Being the father of a 3 year old, we watch a fair amount of animation in our house. You hear of social critics bewailing the pernicious effect of tv and cartoons on children, yet it’s really the parents we should all be worrying about. As soon as I heard the phrase ‘data mining’, the first thing which entered my mind was, “we dig, dig, dig, dig, dig, dig, dig, in a mine the whole day through”. Unlike the dwarfs however, it’s not diamonds we’re after, but gems of information and meaning in big data.

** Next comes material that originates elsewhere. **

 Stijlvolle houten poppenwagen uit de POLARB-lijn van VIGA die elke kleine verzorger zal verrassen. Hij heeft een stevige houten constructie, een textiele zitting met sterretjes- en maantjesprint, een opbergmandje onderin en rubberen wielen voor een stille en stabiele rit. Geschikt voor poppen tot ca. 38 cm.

In the pre-digital age, text analysis was a long manual process and there were human limits as to how many texts could be read and compared. Nowadays however, there exists a vast digital corpora and the technology to search, read and analyse it. This automated process is usually referred to as Data Mining.Data Mining presents tremendous opportunities to the researcher, and in our lecture this week, Ulrich Tiedau, Associate Director of the Centre for Digital Humanities at UCL, illustrated this to our class by showing its application to the Digital Humanities. He explained how he and his colleagues were examining Asymetrical Encounters between Reference Cultures and those of the Low Countries (Belgium, Netherlands and Luxembourg). It’s a study of six countries over two centuries, and relies on analysing long runs of data contained within digitised newspaper collections. A new text mining tool called Texcavator has been developed in order to search through the Dutch Digital Library, Europeana (a collection of digitised European newspapers) and other collections.

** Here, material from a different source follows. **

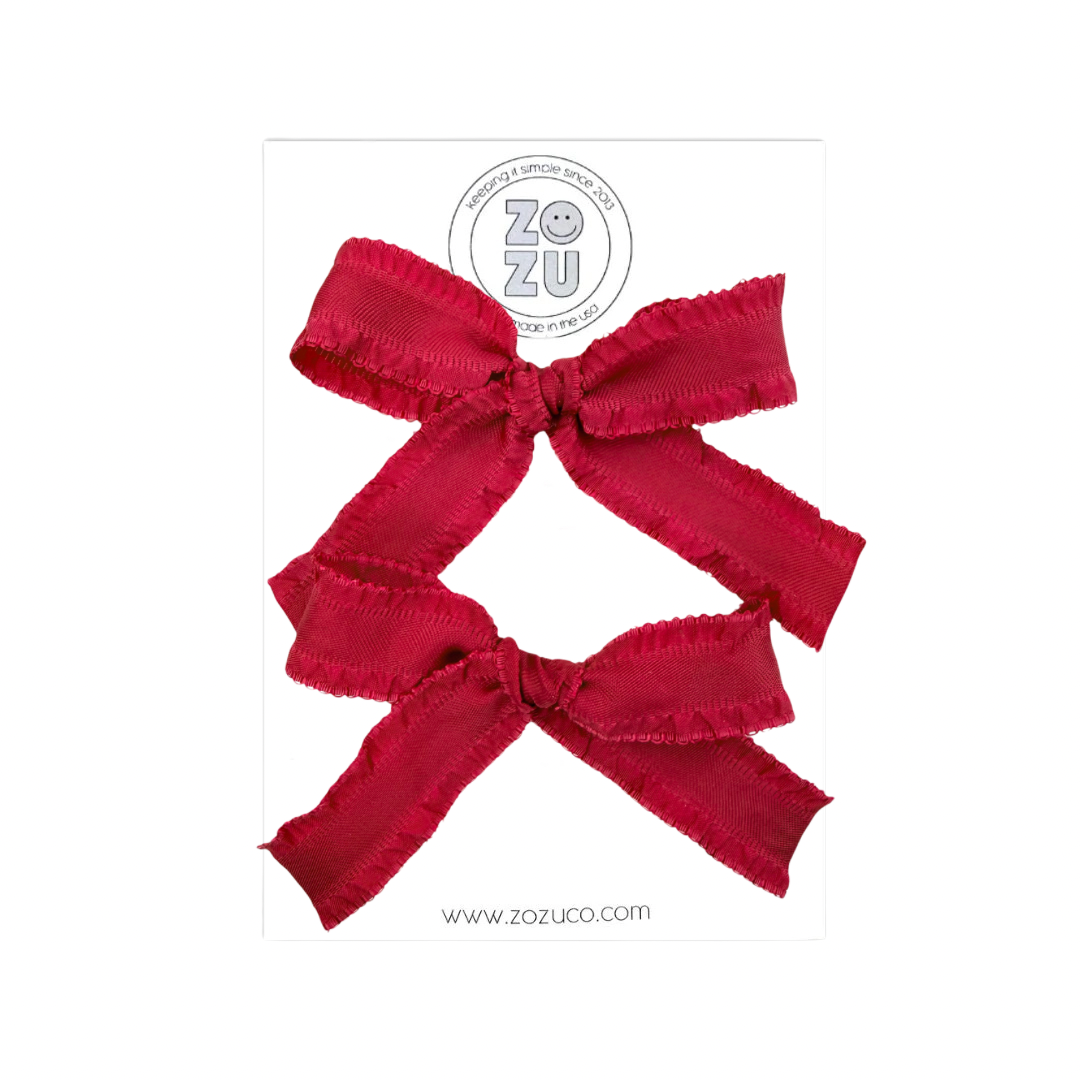 Ruby Ruffle Edge :: Mini Explorer Ribbon Pigtail Set

Ulrich went on to explain two other examples. Firstly, the way in which Google’s Ngram Viewer (by visualising the frequency of a word in a corpora of books over time), can stimulate research questions; e.g from the graph below, what can account for the rises and falls of ‘feminism’ in Italy during the Twentieth Century?

italian feminism

Finally, he explained how Topic Modelling can be used, in which an algorithm conducts a statistical analysis of the corpora in order to group together sets of words which tend to appear together. This is quite an interesting take on text analysis / data mining, because rather than feeding in keywords, instead, you can just see what patterns are thrown up.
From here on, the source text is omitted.